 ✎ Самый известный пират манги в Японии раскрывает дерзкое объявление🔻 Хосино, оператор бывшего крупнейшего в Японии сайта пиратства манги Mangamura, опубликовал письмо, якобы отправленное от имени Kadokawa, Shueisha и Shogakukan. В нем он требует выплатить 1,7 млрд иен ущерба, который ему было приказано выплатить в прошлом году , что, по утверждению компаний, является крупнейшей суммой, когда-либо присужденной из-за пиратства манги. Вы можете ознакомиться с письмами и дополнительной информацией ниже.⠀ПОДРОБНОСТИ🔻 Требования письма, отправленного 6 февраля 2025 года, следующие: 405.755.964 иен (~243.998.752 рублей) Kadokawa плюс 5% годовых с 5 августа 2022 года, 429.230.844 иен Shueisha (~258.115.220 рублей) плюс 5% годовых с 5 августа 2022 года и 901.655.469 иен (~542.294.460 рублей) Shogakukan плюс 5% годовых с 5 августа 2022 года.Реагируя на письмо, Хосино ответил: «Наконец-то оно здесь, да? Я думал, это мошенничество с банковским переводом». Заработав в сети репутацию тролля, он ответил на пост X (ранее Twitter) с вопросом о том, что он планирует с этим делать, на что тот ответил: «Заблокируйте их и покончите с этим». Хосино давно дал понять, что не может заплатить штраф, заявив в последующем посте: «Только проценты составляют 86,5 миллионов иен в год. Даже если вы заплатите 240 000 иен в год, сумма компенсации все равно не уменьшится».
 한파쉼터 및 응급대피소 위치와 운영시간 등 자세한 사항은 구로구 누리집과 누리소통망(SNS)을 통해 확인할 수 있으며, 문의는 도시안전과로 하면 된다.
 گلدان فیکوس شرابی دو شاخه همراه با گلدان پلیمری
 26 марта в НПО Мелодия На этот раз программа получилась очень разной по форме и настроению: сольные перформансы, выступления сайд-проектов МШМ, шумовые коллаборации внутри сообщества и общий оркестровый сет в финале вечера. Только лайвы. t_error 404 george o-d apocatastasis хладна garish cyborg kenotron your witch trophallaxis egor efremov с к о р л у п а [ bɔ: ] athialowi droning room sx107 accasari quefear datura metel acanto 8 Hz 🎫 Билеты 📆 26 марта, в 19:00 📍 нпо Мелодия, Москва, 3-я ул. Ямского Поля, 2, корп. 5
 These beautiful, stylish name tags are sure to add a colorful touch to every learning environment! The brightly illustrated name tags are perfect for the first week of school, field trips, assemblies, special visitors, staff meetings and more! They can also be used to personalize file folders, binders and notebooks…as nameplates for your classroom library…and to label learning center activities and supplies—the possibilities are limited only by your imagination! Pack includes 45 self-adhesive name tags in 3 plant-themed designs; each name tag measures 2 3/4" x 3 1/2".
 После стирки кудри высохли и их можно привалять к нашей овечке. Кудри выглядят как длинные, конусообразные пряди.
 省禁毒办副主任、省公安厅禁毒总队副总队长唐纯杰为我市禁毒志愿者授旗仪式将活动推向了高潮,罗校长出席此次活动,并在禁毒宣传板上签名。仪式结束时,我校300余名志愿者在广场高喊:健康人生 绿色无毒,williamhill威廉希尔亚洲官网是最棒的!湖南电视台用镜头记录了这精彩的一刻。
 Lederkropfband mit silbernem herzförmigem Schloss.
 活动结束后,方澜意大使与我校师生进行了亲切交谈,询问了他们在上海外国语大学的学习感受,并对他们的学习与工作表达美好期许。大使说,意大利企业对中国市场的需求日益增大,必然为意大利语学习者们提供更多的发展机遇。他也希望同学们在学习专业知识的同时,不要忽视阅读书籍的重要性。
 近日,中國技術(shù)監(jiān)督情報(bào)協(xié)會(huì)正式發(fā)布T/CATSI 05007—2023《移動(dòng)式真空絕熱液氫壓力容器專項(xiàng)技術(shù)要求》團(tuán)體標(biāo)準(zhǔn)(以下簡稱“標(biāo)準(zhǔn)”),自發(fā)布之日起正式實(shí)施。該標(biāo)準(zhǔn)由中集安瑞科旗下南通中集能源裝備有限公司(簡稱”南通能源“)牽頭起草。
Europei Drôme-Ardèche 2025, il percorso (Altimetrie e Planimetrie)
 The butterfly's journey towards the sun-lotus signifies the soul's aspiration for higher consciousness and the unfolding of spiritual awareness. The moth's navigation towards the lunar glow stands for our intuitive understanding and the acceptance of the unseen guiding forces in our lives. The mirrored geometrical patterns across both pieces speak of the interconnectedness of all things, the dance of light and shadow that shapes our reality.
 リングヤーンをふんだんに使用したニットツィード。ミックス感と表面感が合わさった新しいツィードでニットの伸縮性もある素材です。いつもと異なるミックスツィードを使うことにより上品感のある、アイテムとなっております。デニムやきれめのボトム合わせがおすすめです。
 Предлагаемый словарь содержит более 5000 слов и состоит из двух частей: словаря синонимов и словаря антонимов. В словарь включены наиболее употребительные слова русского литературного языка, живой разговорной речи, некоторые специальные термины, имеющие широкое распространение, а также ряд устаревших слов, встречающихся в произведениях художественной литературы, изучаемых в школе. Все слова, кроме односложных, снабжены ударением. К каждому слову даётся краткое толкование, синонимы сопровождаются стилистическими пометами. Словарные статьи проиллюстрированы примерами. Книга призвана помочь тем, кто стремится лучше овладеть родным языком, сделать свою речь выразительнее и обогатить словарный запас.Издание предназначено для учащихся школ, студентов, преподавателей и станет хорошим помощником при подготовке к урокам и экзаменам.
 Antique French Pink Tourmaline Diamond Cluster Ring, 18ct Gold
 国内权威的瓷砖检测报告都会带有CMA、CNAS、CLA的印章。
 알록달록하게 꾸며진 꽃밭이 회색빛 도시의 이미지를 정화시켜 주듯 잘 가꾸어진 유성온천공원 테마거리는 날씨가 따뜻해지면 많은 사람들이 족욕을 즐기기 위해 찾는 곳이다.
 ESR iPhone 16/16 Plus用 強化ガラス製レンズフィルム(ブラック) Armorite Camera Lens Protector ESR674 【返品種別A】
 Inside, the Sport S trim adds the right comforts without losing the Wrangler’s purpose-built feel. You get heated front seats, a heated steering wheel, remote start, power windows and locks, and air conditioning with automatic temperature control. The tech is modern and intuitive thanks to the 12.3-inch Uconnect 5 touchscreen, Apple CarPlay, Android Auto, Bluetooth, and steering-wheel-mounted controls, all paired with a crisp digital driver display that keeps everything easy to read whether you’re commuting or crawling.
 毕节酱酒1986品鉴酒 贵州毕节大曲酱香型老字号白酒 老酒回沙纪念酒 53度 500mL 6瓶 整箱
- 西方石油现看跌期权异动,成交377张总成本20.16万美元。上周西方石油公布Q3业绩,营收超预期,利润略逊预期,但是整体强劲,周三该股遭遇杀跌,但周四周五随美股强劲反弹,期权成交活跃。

WHAT IS EXPECTED: Pull out every line of the records that includes the string "intuitive".

PROBLEM SOLUTION:
 The butterfly's journey towards the sun-lotus signifies the soul's aspiration for higher consciousness and the unfolding of spiritual awareness. The moth's navigation towards the lunar glow stands for our intuitive understanding and the acceptance of the unseen guiding forces in our lives. The mirrored geometrical patterns across both pieces speak of the interconnectedness of all things, the dance of light and shadow that shapes our reality.
 Inside, the Sport S trim adds the right comforts without losing the Wrangler’s purpose-built feel. You get heated front seats, a heated steering wheel, remote start, power windows and locks, and air conditioning with automatic temperature control. The tech is modern and intuitive thanks to the 12.3-inch Uconnect 5 touchscreen, Apple CarPlay, Android Auto, Bluetooth, and steering-wheel-mounted controls, all paired with a crisp digital driver display that keeps everything easy to read whether you’re commuting or crawling.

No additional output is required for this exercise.